Major General Ernst-Günther Baade, 90th Panzergrenadier Division
He was wounded in the last days of the war in Europe after an Allied fighter-bomber strafed his car in Germany. He died of his wounds on May 8, 1945, the last day of the war in Europe.
Ivan Houston, Buffalo Soldiers
On September 4, 2014, eighty-nine-year-old Ivan Houston sat with his son and daughter-in-law on the terrace of Villa Orsini outside Lucca.

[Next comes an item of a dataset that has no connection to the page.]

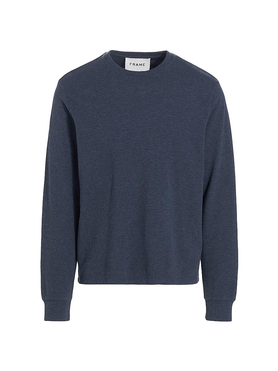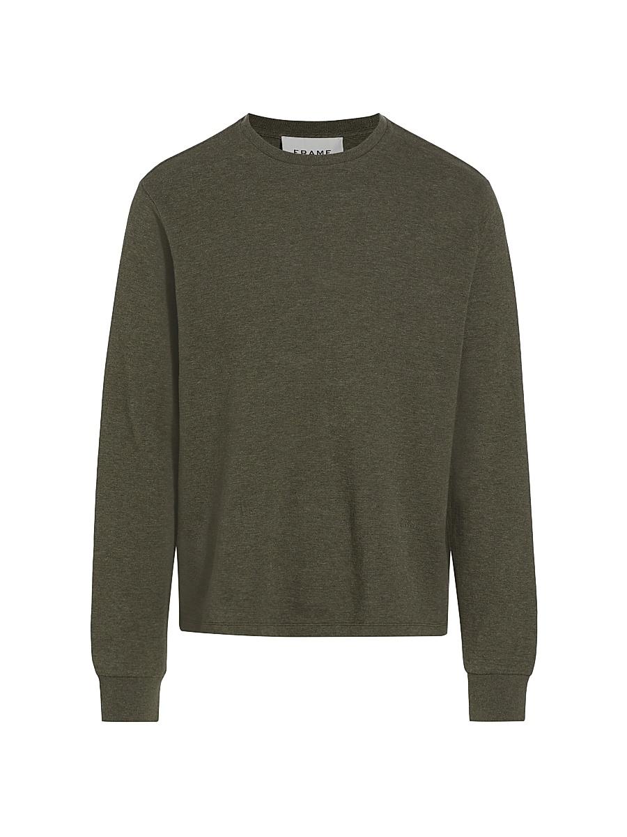Crafted of cotton, this classic long-sleeved T-shirt is a casual addition to any wardrobe. Crewneck Long sleeves Pullover style Rib-knit trim 100% cotton Machine wash Imported SIZE & FIT About 27.5 from shoulder to hem Model measurements: 62 tall Model measurements: chest 40 Model is wearing a US size Medium ABOUT THE BRAND In 2012, Erik Torstensson and Jens Grede combined their California-modern point of view with a European sensibility to establish Frame. The ready-to-wear label, first known for its denim, has expanded to leather, cashmere and tailoring-all with an effortless ethos at the core. Focusing on quality fabrics and foundational dressing, the brand delivers chic everyday staples favored by Hollywood starlets and beyond. Mens Denim & Contemp - Contemp Denim And Bottom > Frame > Saks Fifth Avenue > Barneys. Frame. Color: Heather Olive Green. Size: XXL.
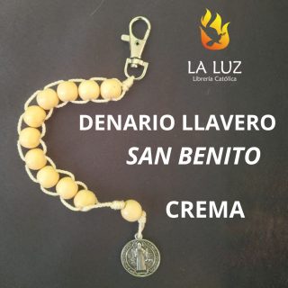 Está elaborado con cuentas redondas en tono crema, ensartadas en cordón resistente, e incluye una medalla de San Benito, reconocida por su oración de protección contra el mal. Cuenta con un gancho metálico tipo llavero, ideal para colocar en llaves, mochila, bolso o automóvil.

Now called Villa la Dogana, the beautiful rambling Tuscan house had been the headquarters of K Company of the 1st Battalion of the 370th Regimental Combat Team in early September 1944, as they advanced on Lucca. Since the war ended seventy years before, Houston had revisited Italy often. The weather in late summer was warm and balmy and his welcome was assured; the Italians were delighted to see him. This year, there was going to be a launch of his book, Black Warriors: The Buffalo Soldiers of World War II, at an art gallery in Lucca, as well as speeches by the mayor, a civic welcome, a large commemoration for the seventieth anniversary of the liberation of Lucca.
On the terrace of the house, overlooking the gardens filled with magnolia, palm, and olive trees, lunch was being served. Grilled fish, green salad and, in tribute to the Americans’ place of origin, Southern grits. Their hostess was Mattea Piazzesi, who, along with her husband, ran the villa as a classy old-style pensione. Things were done at a measured, stylish pace. The warm summer air trembled lightly in the afternoon heat. Cats basked on the lichen-covered graystone of the terrace. The occasional train clicked across the level crossing outside, en route from the seaside at Viareggio to Lucca itself, two miles away.
Piazzesi was, curiously, dressed in full 1945 American military uniform, as were two dozen men in her large garden, military reenactors from a local society celebrating the liberation. Houston himself was a celebrity: Italian men dressed as GIs and paratroopers, in full original uniforms, posed with him for photographs. A convoy of original American military vehicles was parked in the garden, ready to drive out to Lucca for a celebratory parade. Garands and .45 Thompsons were clipped across the bonnets of Willys Jeeps; reenactors sported M1 carbines. Somebody even had a flamethrower. Some of the reenactment society were dressed not in American military uniforms, or as U.S. nurses, or as partisans, but as German soldiers. In the shade of a pine tree, a man dressed in the full summer uniform of the Wehrmacht lugged a deactivated MG-42 across the garden. The atmosphere was easygoing and relaxed. At dusk, leading the way, spearheading the crowd, Ivan Houston climbed into a Willys Jeep and rolled into Lucca for the 70th anniversary of its liberation.
Arriving back in the United States shortly afterward, he received a letter from an old colleague from the 92nd, Emmett Chappelle, whom he had last seen seventy years before. They had sat together on the train to basic training, and after that, Houston had never seen him again. Now here he was, back in touch. In the intervening seventy years, Chappelle had become a well-known engineer at NASA, designing ways to keep astronauts alive in space. But as he said to Houston on the telephone that evening, “So much of who I became—and who I am now—was determined by my years as a Buffalo Soldier.”